AnomalyControl: Learning Cross-modal Semantic Features for Controllable Anomaly Synthesis

Anomaly synthesis is a crucial approach to augment abnormal data for advancing anomaly inspection. Based on the knowledge from the large-scale pre-training, existing text-to-image anomaly synthesis methods predominantly focus on textual information or coarse-aligned visual features to guide the entire generation process. However, these methods often lack sufficient descriptors to capture the complicated characteristics of realistic anomalies (e.g., the fine-grained visual pattern of anomalies), limiting the realism and generalization of the generation process. To this end, we propose a novel anomaly synthesis framework called AnomalyControl to learn cross-modal semantic features as guidance signals, which could encode the generalized anomaly cues from text-image reference prompts and improve the realism of synthesized abnormal samples. Specifically, AnomalyControl adopts a flexible and non-matching prompt pair (i.e., a text-image reference prompt and a targeted text prompt), where a Cross-modal Semantic Modeling (CSM) module is designed to extract cross-modal semantic features from the textual and visual descriptors. Then, an Anomaly-Semantic Enhanced Attention (ASEA) mechanism is formulated to allow CSM to focus on the specific visual patterns of the anomaly, thus enhancing the realism and contextual relevance of the generated anomaly features. Treating cross-modal semantic features as the prior, a Semantic Guided Adapter (SGA) is designed to encode effective guidance signals for the adequate and controllable synthesis process. Extensive experiments indicate that AnomalyControl can achieve state-of-the-art results in anomaly synthesis compared with existing methods while exhibiting superior performance for downstream tasks.

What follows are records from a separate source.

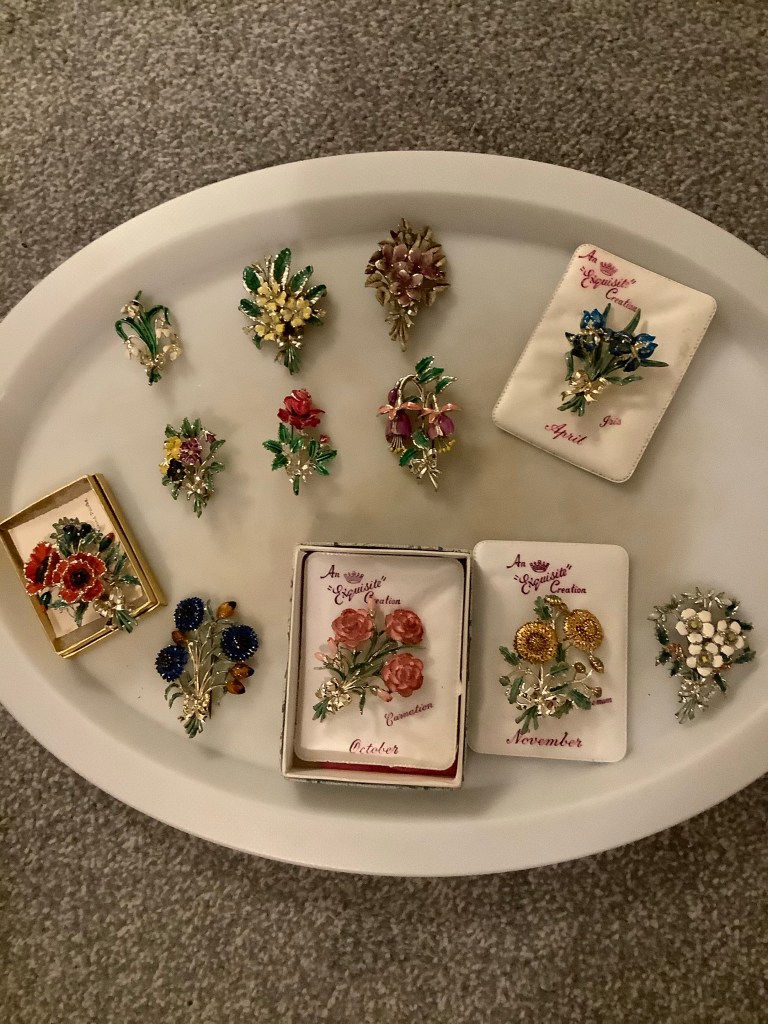When Woolworths was open these could be bought quite cheaply. They would be bought often as presents as they represented each month of the year. Each one was hand painted in the factory in Solihull , so I fell in love with them and obtained the set. Some I bought at Antiques fairs, one I spied on the market and some I bid for on eBay ! And as my friend had suggested I wore them often in the middle of tops as a brooch. They added interest to plain tops and have also been a talking point. I often think that much as I like skirts as well as dresses, often when we go out to restaurants , or pubs or supper with friends no one can see the skirt one is wearing as one is sitting, a pity really . So it’s fun to wear an eye catching brooch. I often wonder about the folk who sat and hand painted those brooches.
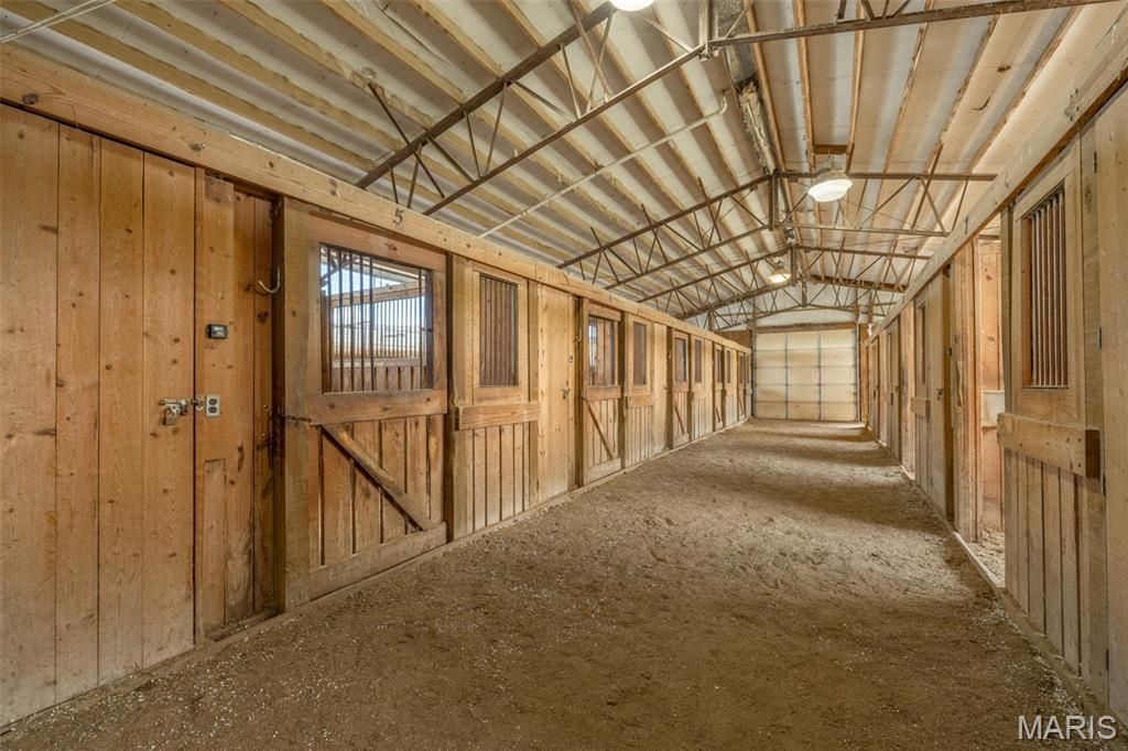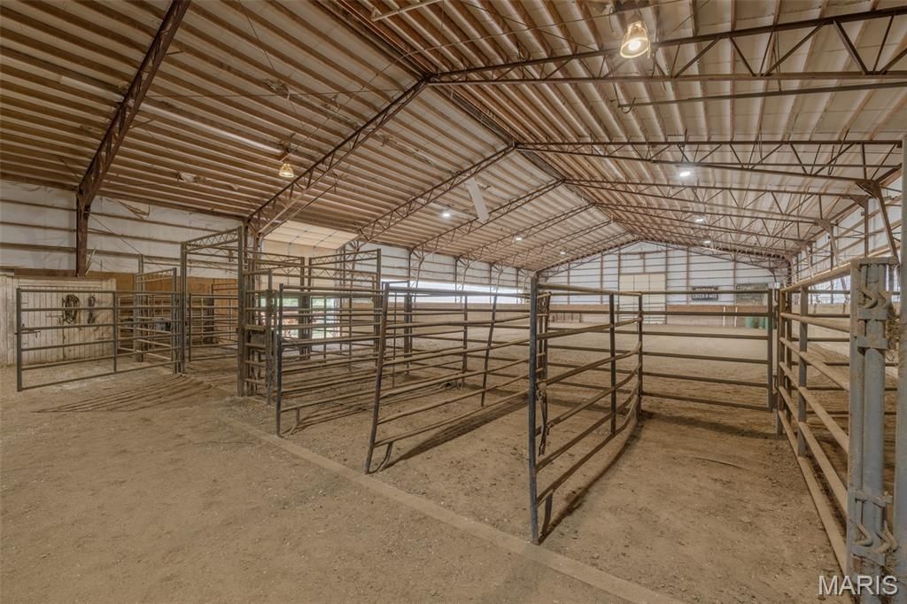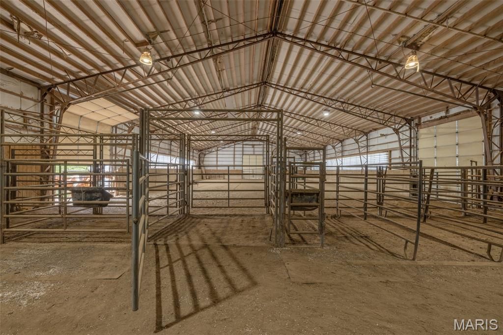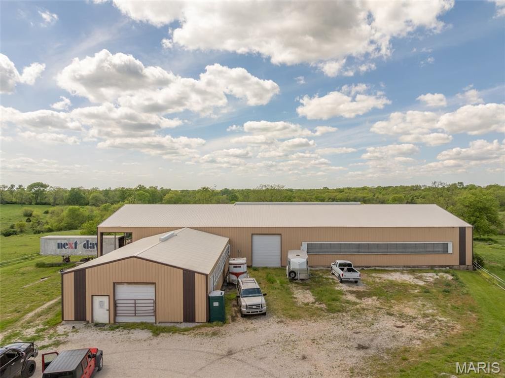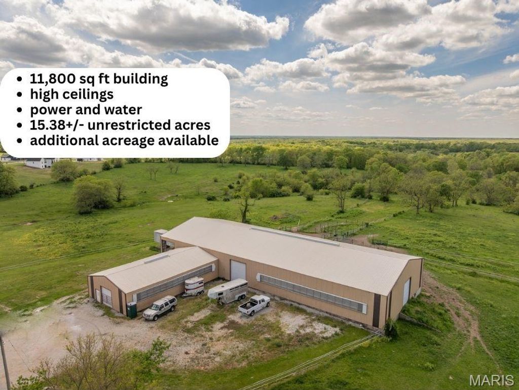 Endless Possibilities! Massive 11,800 sq ft free-span metal building with lean to and loading dock on 20.99 surveyed acres with no restrictions and electric and well in place! Perfect for machine shop, indoor storage or light manufacturing. Building is currently set up as a horse facility and has a 100x60 indoor riding arena, tackroom, feed room and 10 horse stalls each with their own closet and heated waterer. In addition to those 10 stalls there is a foaling stall, 4 feed stalls and 4 tie-out stalls. Property features an outdoor arena along with 13+/-acres of fenced pasture and a great laying spot already rough graded ready to build on. There is a spring on the property giving consistent water to any horses out in the pasture. Both indoor arena and stall barn have pneumatic curtains and there are 6 additional closets inside next to the arena. There is an older barn on the property with primitive living quarters that could be used while you build your dream home or renovated and used as a permanent residence. All of this is only 2miles from US-61 under 15 minutes to Troy, only an hour to DownTown St Louis and would make the perfect place for a commercial boarding and training barn. Land is unrestricted so there is plenty of opportunity to expand the current operation or use the building for something else entirely. Additional 17.24 acre parcel available
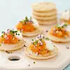 Du behöver Gör så här 1 Skala och hacka rödlöken fint. Skär gräslöken fint. 2 Mikra de frysta blinierna enligt anvisning på förpackningen. 3 Lägg...
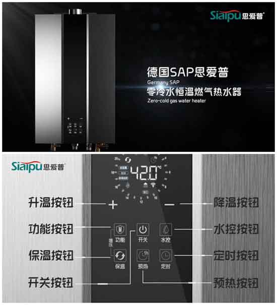 思愛普零冷水恒溫燃氣熱水器擁有簡約開關面板,操作易懂、即開即熱,無需等待,且可提供升溫、降溫、保溫、預熱、定時、水控等多樣個性選擇,無時無刻滿足一家人對大量熱水的供應需求。此外,思愛普零冷水恒溫燃氣熱水器擁有抗菌抗腐的環保無氧銅大水箱、進口全自動比例閥、瑞士進口穩流系統、日本大揚程循環水泵、雙通道水路系統等特殊設計,為產品的超強運作奠定堅實的基礎。

翻译：异常合成是扩充异常数据以推进异常检测的关键方法。基于大规模预训练的知识，现有的文本到图像异常合成方法主要依赖文本信息或粗对齐的视觉特征来指导整个生成过程。然而，这些方法通常缺乏足够的描述符来捕捉真实异常的复杂特征（例如异常的细粒度视觉模式），限制了生成过程的真实性和泛化能力。为此，我们提出了一种名为AnomalyControl的新型异常合成框架，通过学习跨模态语义特征作为引导信号，该信号能够从文本-图像参考提示中编码泛化的异常线索，并提升合成异常样本的真实性。具体而言，AnomalyControl采用灵活的非匹配提示对（即一个文本-图像参考提示和一个目标文本提示），其中设计了一个跨模态语义建模（CSM）模块，用于从文本和视觉描述符中提取跨模态语义特征。随后，构建了一种异常语义增强注意力（ASEA）机制，使CSM能够聚焦于异常的特定视觉模式，从而增强生成异常特征的真实性和上下文相关性。以跨模态语义特征为先验，设计了一个语义引导适配器（SGA），用于为充分且可控的合成过程编码有效的引导信号。大量实验表明，与现有方法相比，AnomalyControl在异常合成中能够取得最先进的结果，同时在下游任务中展现出优越性能。